--- Work instructions ---
Would you print the lines below exactly, beginning at the line that has "The wanderweg signpost" and stopping after the line that has "Агрегат отличается высокой"? Only those lines, and no pictures.

--- Provided data ---
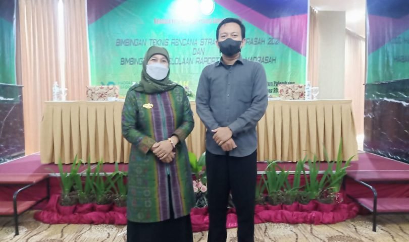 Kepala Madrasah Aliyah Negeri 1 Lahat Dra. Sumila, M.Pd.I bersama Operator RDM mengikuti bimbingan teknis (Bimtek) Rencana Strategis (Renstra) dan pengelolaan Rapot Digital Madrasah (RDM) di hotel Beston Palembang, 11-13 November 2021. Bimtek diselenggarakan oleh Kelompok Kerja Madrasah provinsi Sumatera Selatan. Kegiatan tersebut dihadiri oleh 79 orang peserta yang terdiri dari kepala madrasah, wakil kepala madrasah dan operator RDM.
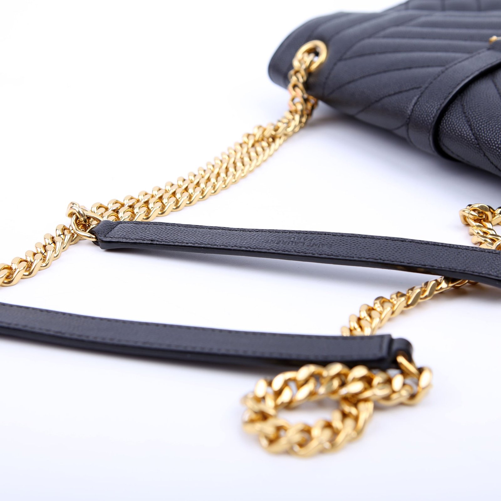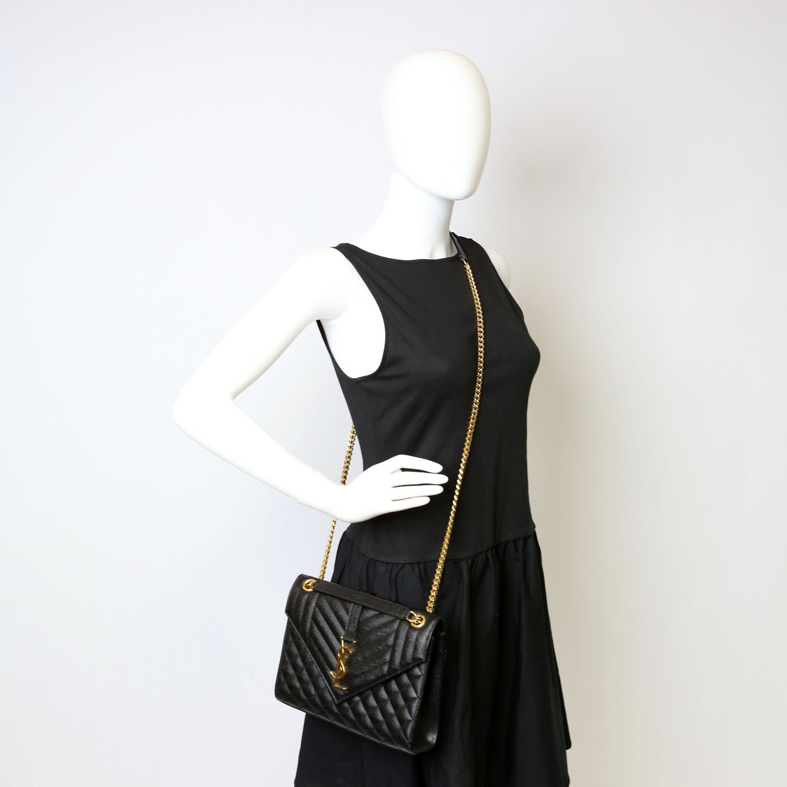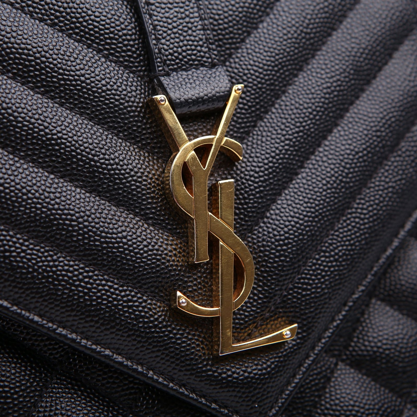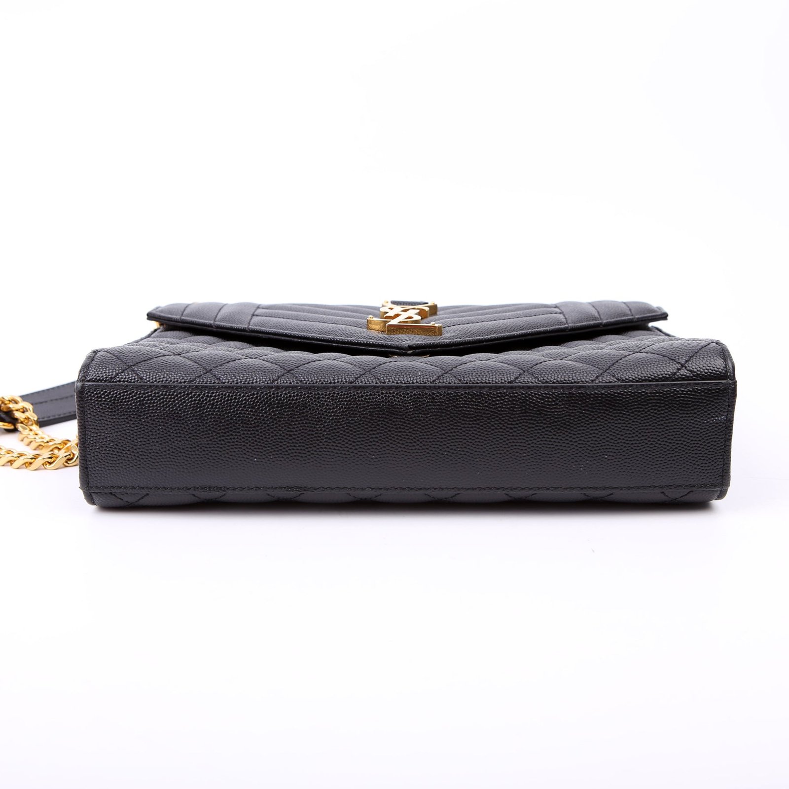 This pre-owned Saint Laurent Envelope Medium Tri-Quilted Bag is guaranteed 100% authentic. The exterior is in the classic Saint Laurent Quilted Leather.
* * *
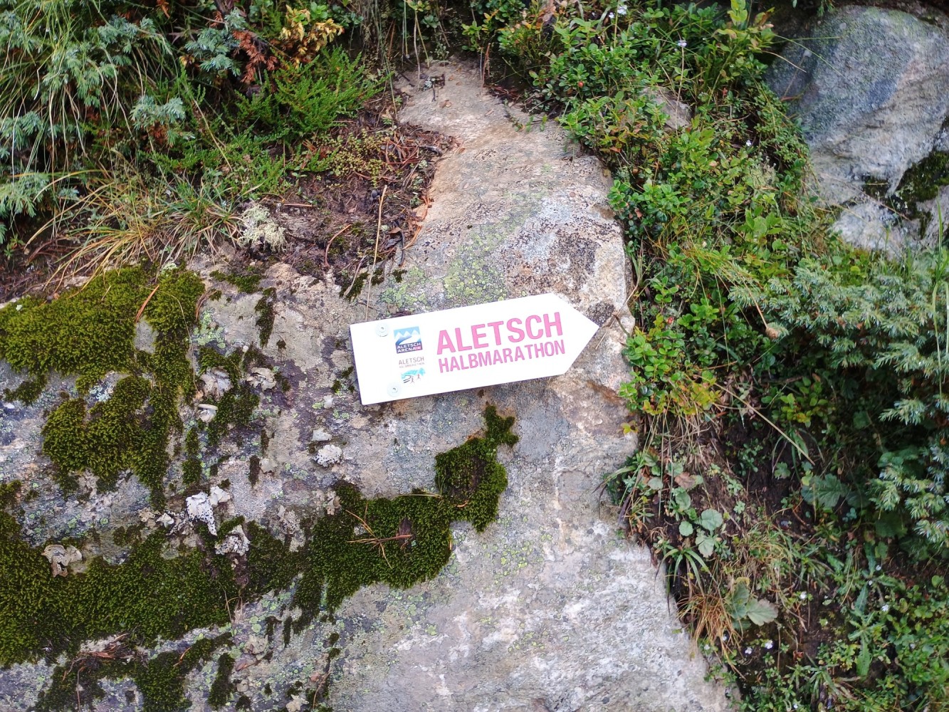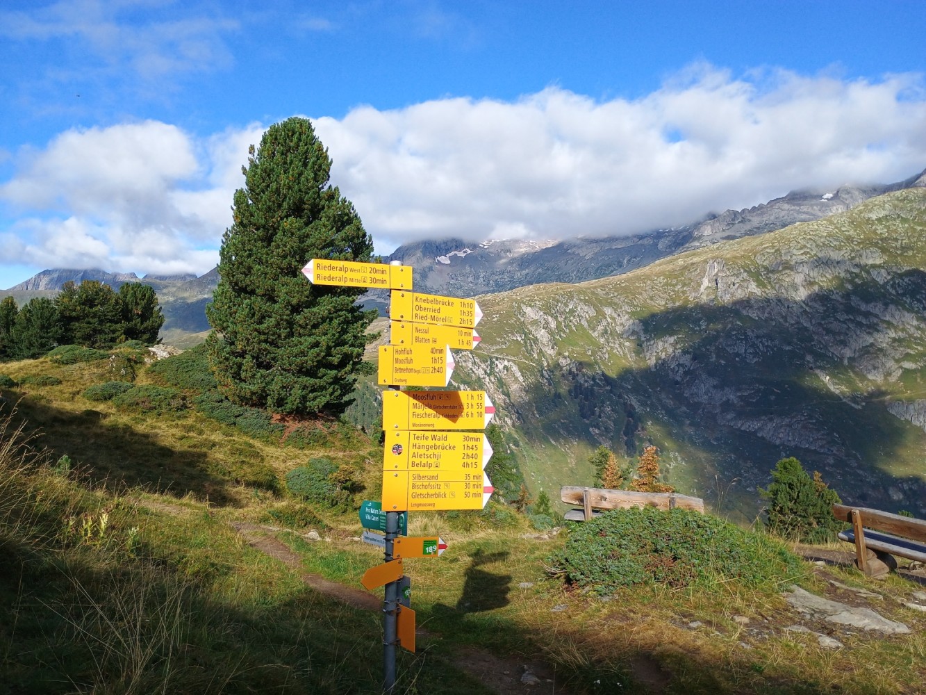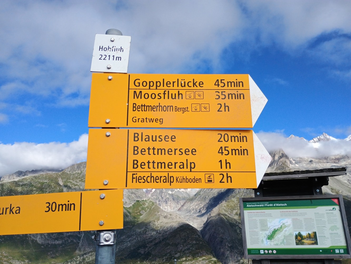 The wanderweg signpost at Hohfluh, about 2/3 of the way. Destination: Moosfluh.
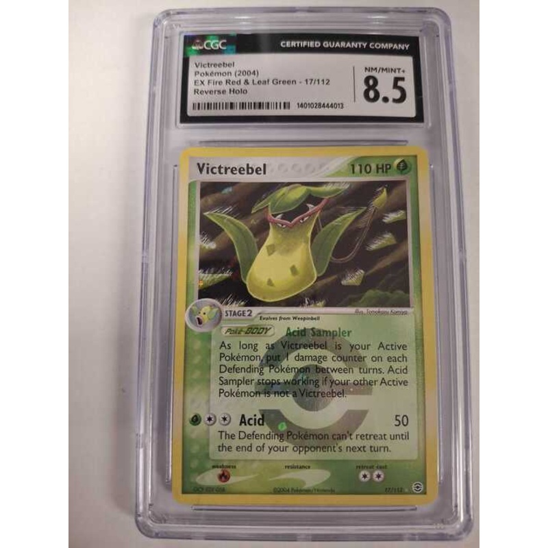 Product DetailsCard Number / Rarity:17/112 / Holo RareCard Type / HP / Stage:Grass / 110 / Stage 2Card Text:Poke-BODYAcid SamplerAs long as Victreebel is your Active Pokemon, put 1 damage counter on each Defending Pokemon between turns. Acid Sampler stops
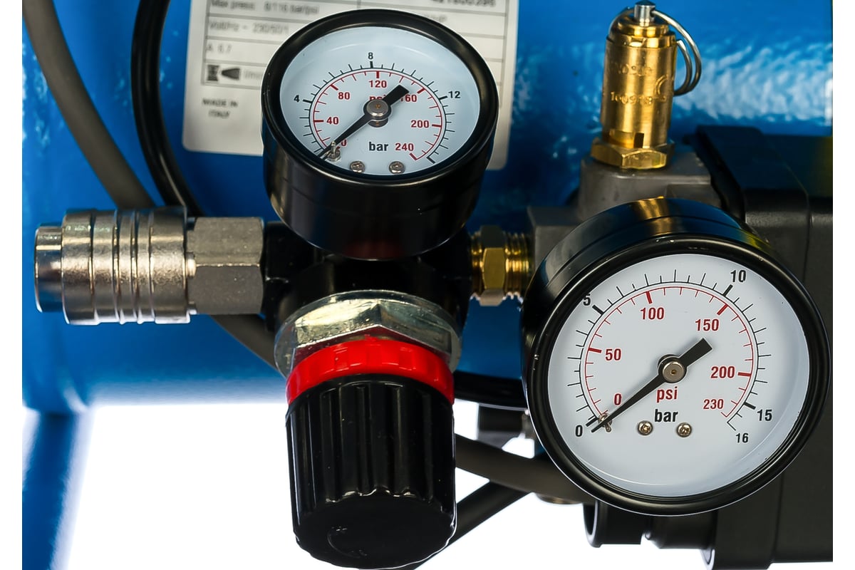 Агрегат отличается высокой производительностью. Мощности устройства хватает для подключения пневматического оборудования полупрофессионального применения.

--- Solution to this problem ---
 The wanderweg signpost at Hohfluh, about 2/3 of the way. Destination: Moosfluh.
 Product DetailsCard Number / Rarity:17/112 / Holo RareCard Type / HP / Stage:Grass / 110 / Stage 2Card Text:Poke-BODYAcid SamplerAs long as Victreebel is your Active Pokemon, put 1 damage counter on each Defending Pokemon between turns. Acid Sampler stops
 Агрегат отличается высокой производительностью. Мощности устройства хватает для подключения пневматического оборудования полупрофессионального применения.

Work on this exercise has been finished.